Sunday, June 15, 2014
Vancouver International Jazz Festival: Jun 20 - Jul 1 | Susanna and Hedvig Mollestad Trio North American Tours: Jun 19 - 30 | Earshot Jazz presents Bushman's Revenge at The Royal Room: Jun 23
Up north the Vancouver International Jazz Festival plays host to a set of Scandinavian artists on the always qualitative Rune Grammofon label, as the convergence point in their tours across the US and Canada. With a date at Seattle's The Royal Room on June 23! Over the course of the Vancouver festival's ten days, the expansive spectrum of all things that could be Jazz are represented, including three artists from the more adventurous Scandinavian fringe. Atmospheric Jazz-pop chanteuse Susanna will be performing outside the context of her usual 'Magic Orchestra', her recent solo work garnering high praise from The Guardian.
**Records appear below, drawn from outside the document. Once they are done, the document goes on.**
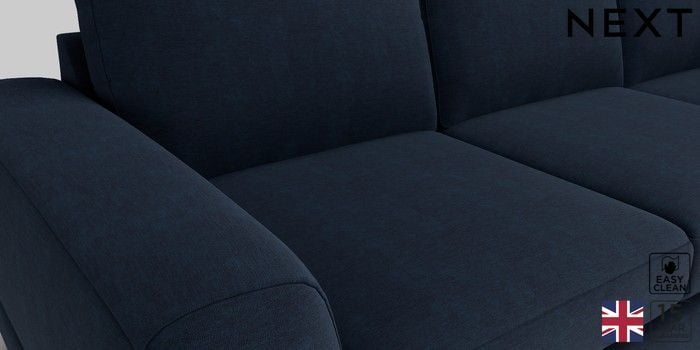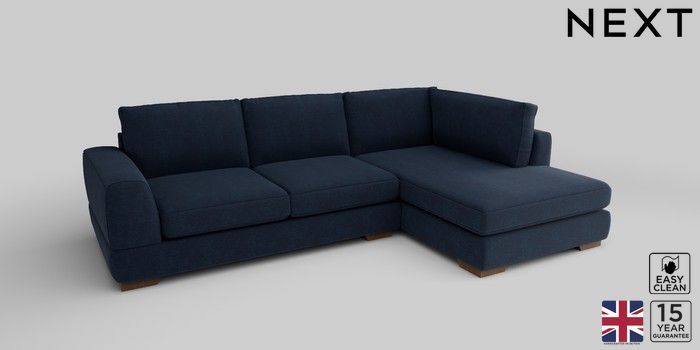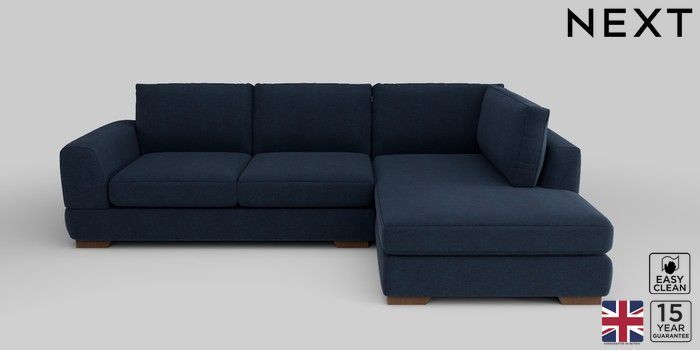 6.12.1 Buy Clayton Medium Corner Chaise - Right Hand Fine Chenille Easy Clean Dark Navy Blue Large Square Angle - Mid from the Next UK online shop Click here to use our accessible website
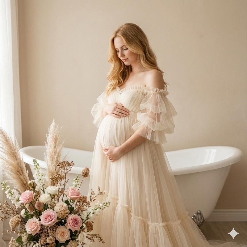 Модель: Nano Banana Сгенерировать🪄 Композиция и настроение Светлая, нежная фотография в стиле романтической фотосессии, посвящённая теме материнства. Общее настроение: гармония, спокойствие, женственность и глубина материнского ожидания. Атмосфера домашнего уюта и единения с природой. Главный объект Беременная женщина в центре композиции, излучающая уверенность и внутреннюю гармонию. Поза: стоит у белоснежной ванны, нежно держит руки на округлом животе. Жест символизирует заботу и трепетное ожидание ребёнка. Внешность модели Длинные светло-русые волосы, уложенные в мягкие естественные волны, обрамляющие лицо. Лёгкий натуральный макияж, подчёркивающий природную красоту. Выражение лица: спокойное, умиротворённое, излучающее внутренний свет. Одежда Воздушное платье кремового оттенка из полупрозрачного тюля. Открытые плечи с нежными оборками. Ткань струится вниз, создавая эффект воздушного облака. Платье подчёркивает лёгкость и изысканность образа. Окружение и фон Светл
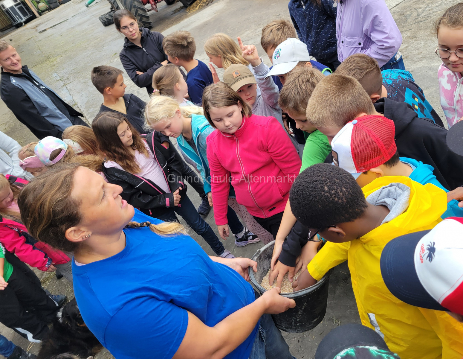 Nach so viel Hofarbeit war die Pause in der Maschinenhalle mehr als verdient – und der Appetit riesig. Dann ging es weiter mit dem zweiten Themenschwerpunkt des Tages: Getreide. An mehreren Mitmachstationen lernten die Kinder die wichtigsten heimischen Getreidearten kennen, untersuchten die Körner, ordneten sie verschiedenen Lebensmitteln zu und mahlten sogar ihr eigenes Mehl von Hand. An einer anderen Station wurde süßes Popcorn frisch gebraten – ein duftender Abschluss dieser spannenden Einheit. Wer schwindelfrei war, wagte sich sogar auf den mächtigen Mähdrescher und bekam ein Gefühl für die Dimensionen moderner Landwirtschaft.
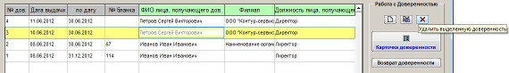 Для удаления доверенности в журнале доверенностей установите курсор на доверенность с нужным номером.
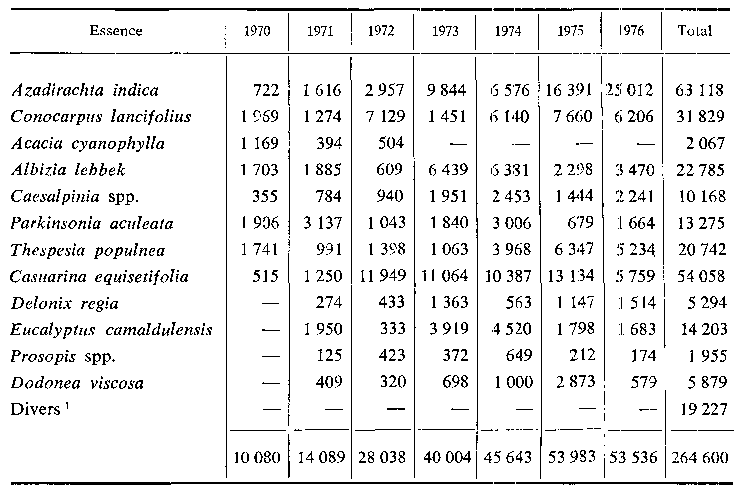 Une nouvelle période commence en août 1968 avec la création d'une section forestière au sein de la station de recherche agronomique. Cette section s'est depuis lors activement développée et a jeté les bases d'une véritable action forestière. Elle est maintenant dirigée par une équipe de forestiers nationaux et internationaux hautement qualifiés. L'introduction, la multiplication et la plantation d'essences exotiques sont réalisées à grande échelle, principalement sur terrain irrigué, pour former des brise-vent et des bordures routières, fixer les dunes, reboiser et créer des ceintures de protection et d'ornement des centres sociaux et économiques dans tout le pays. La section forestière tient un compte régulier de ses diverses activités. De nombreux rapports sont publiés par la FAO et on dispose maintenant d'une abondante documentation dans ce domaine.
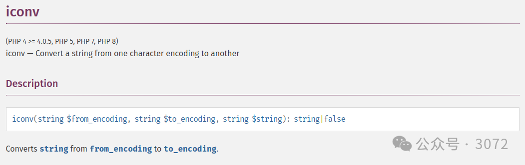 虽然使用php://filter触发这个漏洞非常方便,但达到iconv()调用的最明显方式是使用其同名API。在PHP中,它的原型如下:
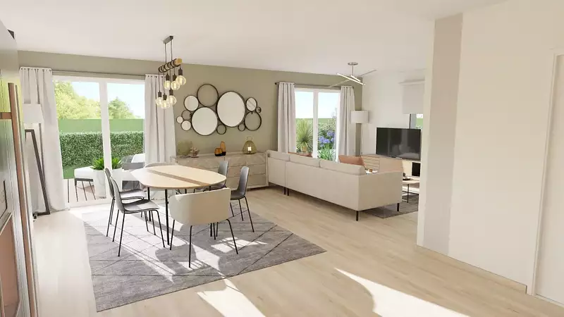 Terrain proposé par un partenaire foncier selon disponibilités et autorisation de publicité au prix de 214 000 €. Hors droit d'enregistrement et frais de notaire. Terrain + Maison proposés au prix de 331 900 € (Hors branchements et raccordements, papiers peints, peintures, revêtement de sol dans les chambres. Tarif modifiable sans préavis). Etiquette énergie : A. Différents modèles disponibles pour ce terrain.
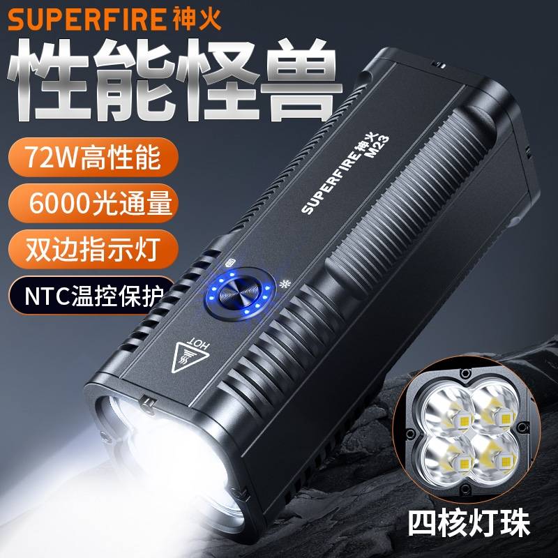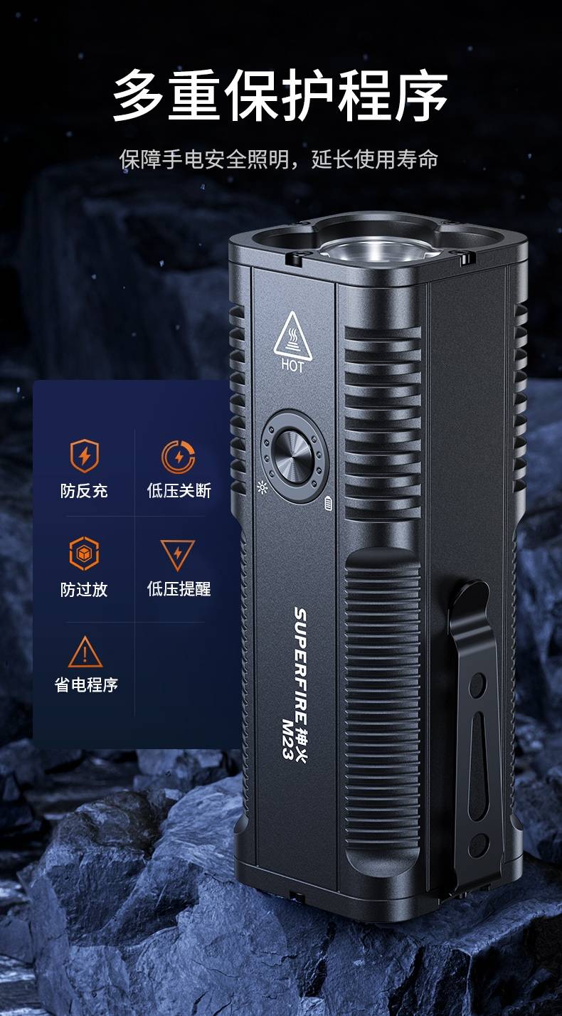 1、千米远射,射程更远,光斑更聚焦。 2、进口灯珠,亮度高,照明效果更好。 3、前后双按键,光源一键点亮,高亮瞬间开启。
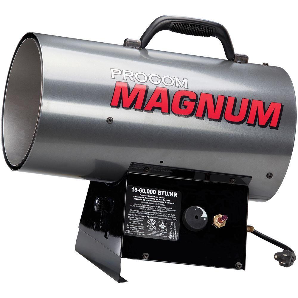 This ProCom Heating’s Portable Outdoor Propane Forced Air Heater provides a high level of heat output buy circulating heat throughout an area. This commercial grade forced air heater is made with heavy duty grade components for long lasting use. It is simple to use: just plug it into a standard household outlet and connect to a propane tank. Perfect for worker comfort, framing, dry walling, curing concrete, remodeling, automotive, agriculture, sporting events and many DIY projects.
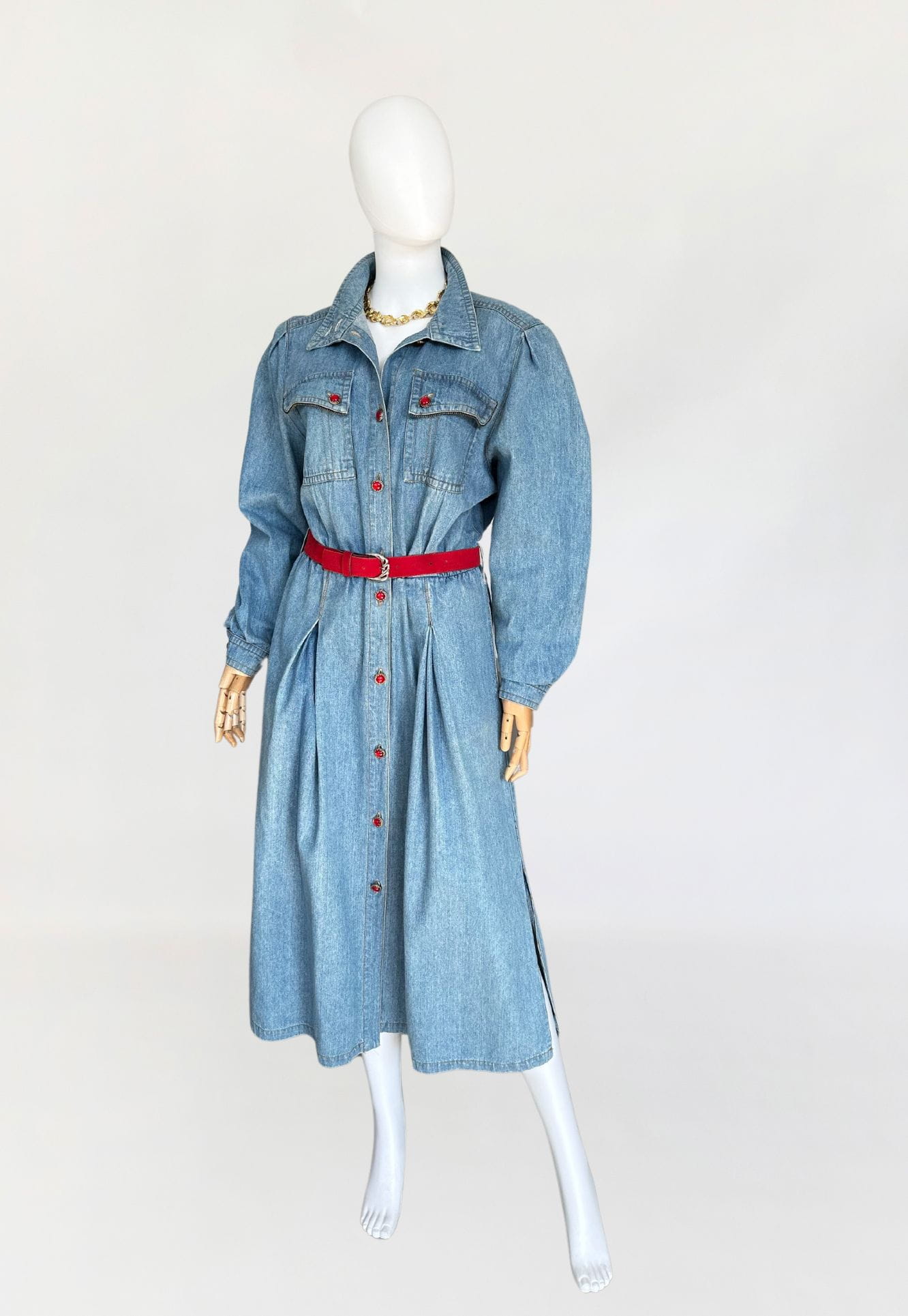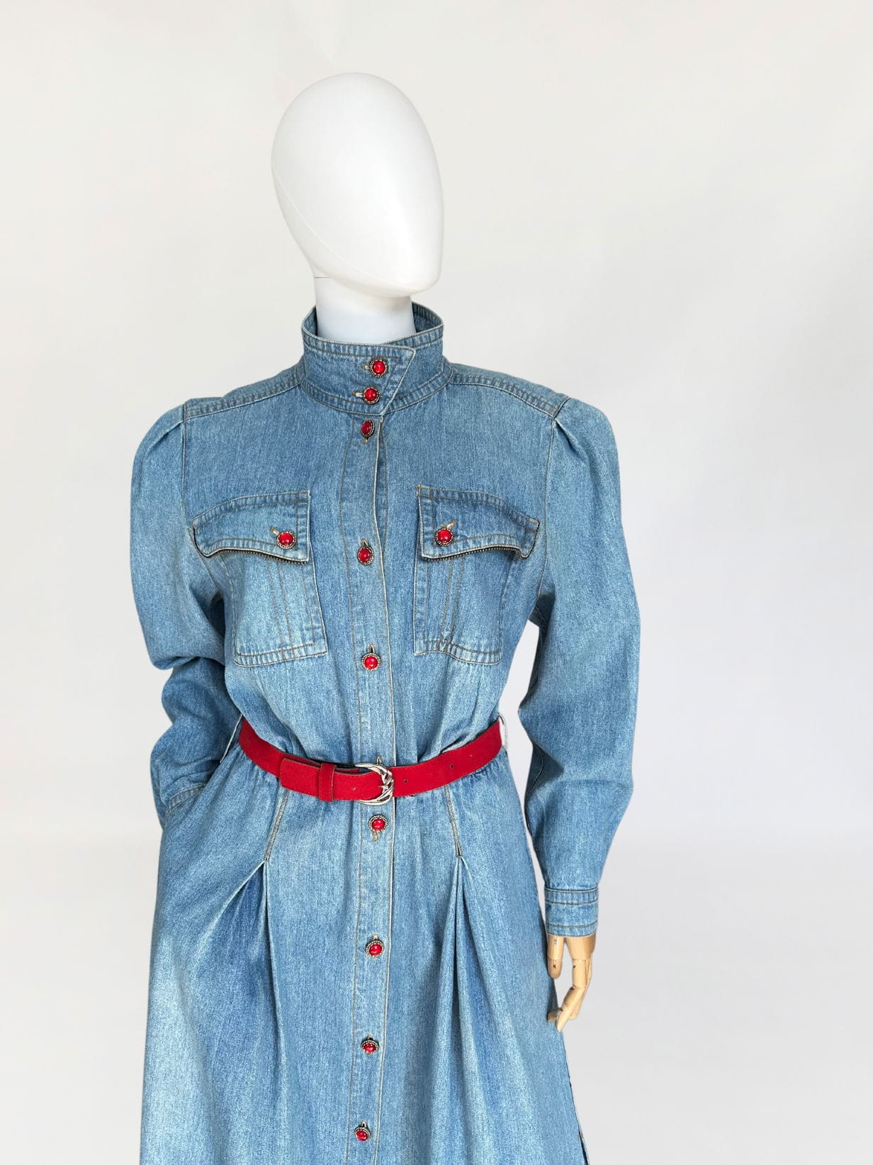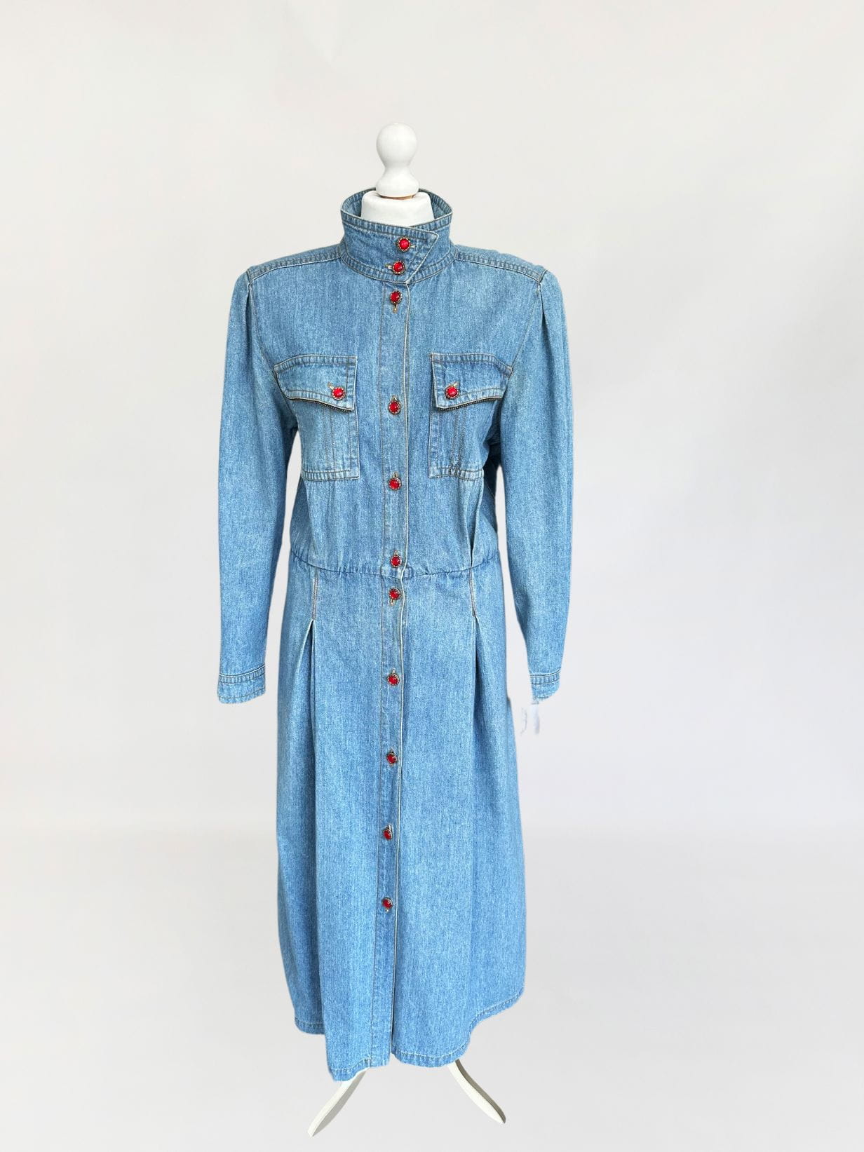 Obłędna maxi sukienka vintage z lat 80-tych projektu marki Betty Barclay. Ze względu na rozpinany fason i krój, doskonale sprawdzi się także jako okrycie wierzchnie. Wykonana w całości z porządnego jeansu, przepinana na biżuteryjny guziki. Góra koszulowa, z kołnierzem i kieszeniami. Spódnica o swobodnym, trapezowym fasonie z kontrafałdami od frontu. Po bokach wysokie rozporki.
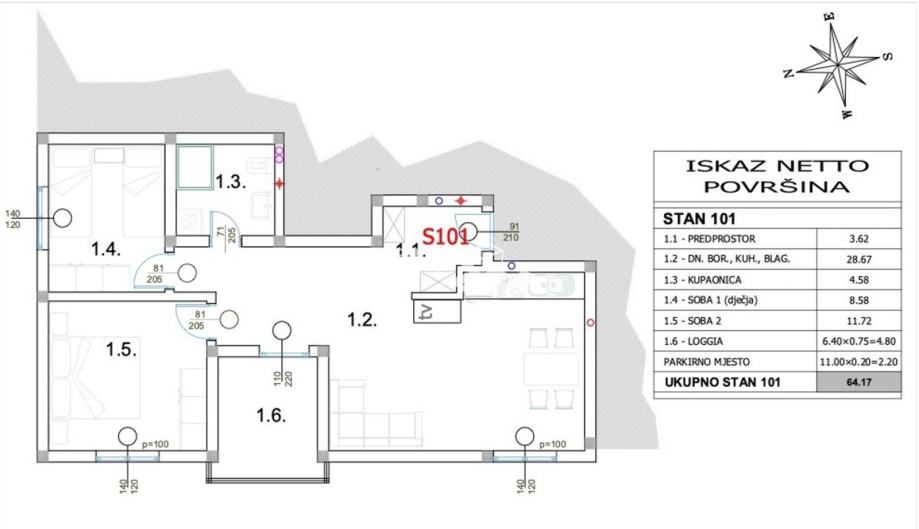 Stan se sastoji od dvije spavaće sobe i dnevnog boravka, a njegovu prostranost dodatno upotpunjuju lođa i lijep pogled prema okolini. Orijentacija stana na istok i zapad omogućava obilje prirodnog svjetla tijekom dana, stvarajući ugodnu i svijetlu atmosferu.
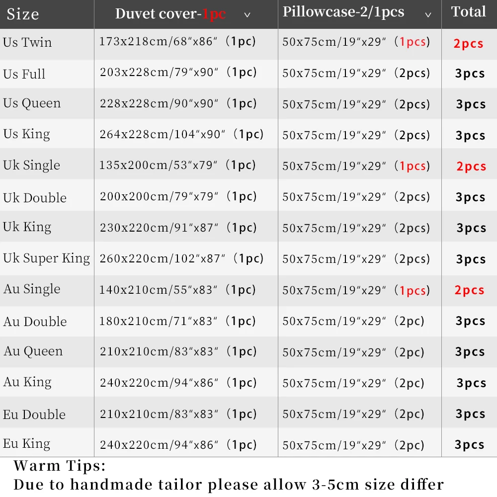 Упаковочный лист: 1 * пододеяльник + 1 * наволочки/2 * наволочки
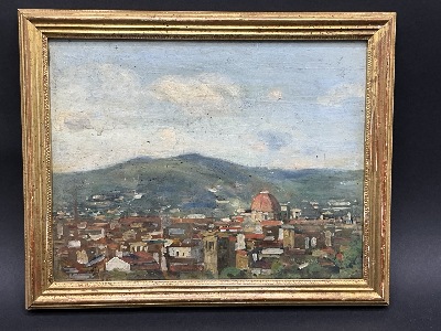 Alson Skinner Clark (1876-1949) Oil on panel. Titled: View of an Italian City (Florence, 1904). Dimensions: 8 1/2” x 10 1/2” and 7 1/4"” x 9 1/2"” Provenance: Swann Galleries, New York Sale 17th September,2020
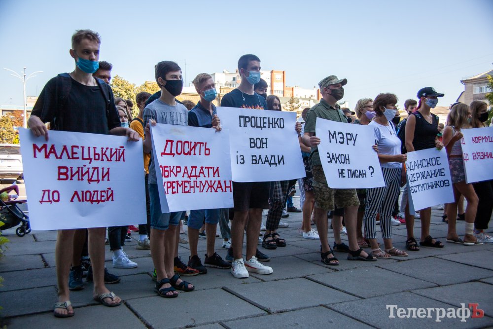 Сьогодні зранку, 17 серпня, під стінами мерії Кременчука відбувся мітинг. Викладачі та спортсмени вимагали, щоб мера, віцемера та керівника управління спорту доставили у прокуратуру на допит, а також прибрали тиск на викладачів КДЮСШ №2. Люди під стінами скандували: «Малецький, Проценко, Мазур выходи!».

The heavy electric jazz power-Improv trio, Bushman's Revenge who occupy a space between the rhythm section of post-BeBop and guitar riffs of Psych and Metal, a sound Jazzwise called rousing and portentous and The Quietus lauded as a significant development within the context of the larger Norwegian Jazz and Rune Grammofon chronology. Lastly, another trio of hard rockers who made Jazz Times' Top 50 Albums of 2013 list with their fusion of guitar with a progressive and lyrical modern jazz, the Hedvig Mollestad Trio. It's been a good while since this particular brand of Jazz from the Northern regions of Europe graced Seattle, in fact, almost two years to the day when In The Country delivered a expressive set beyond the standard of what one expects of a piano-led Jazz Trio. Their show at Tula's was a confluence of post-Rock rhythm dynamics, upright bass and minimal Electronic punctuation, juxtaposed against some of the finest free-form piano playing I've seen live.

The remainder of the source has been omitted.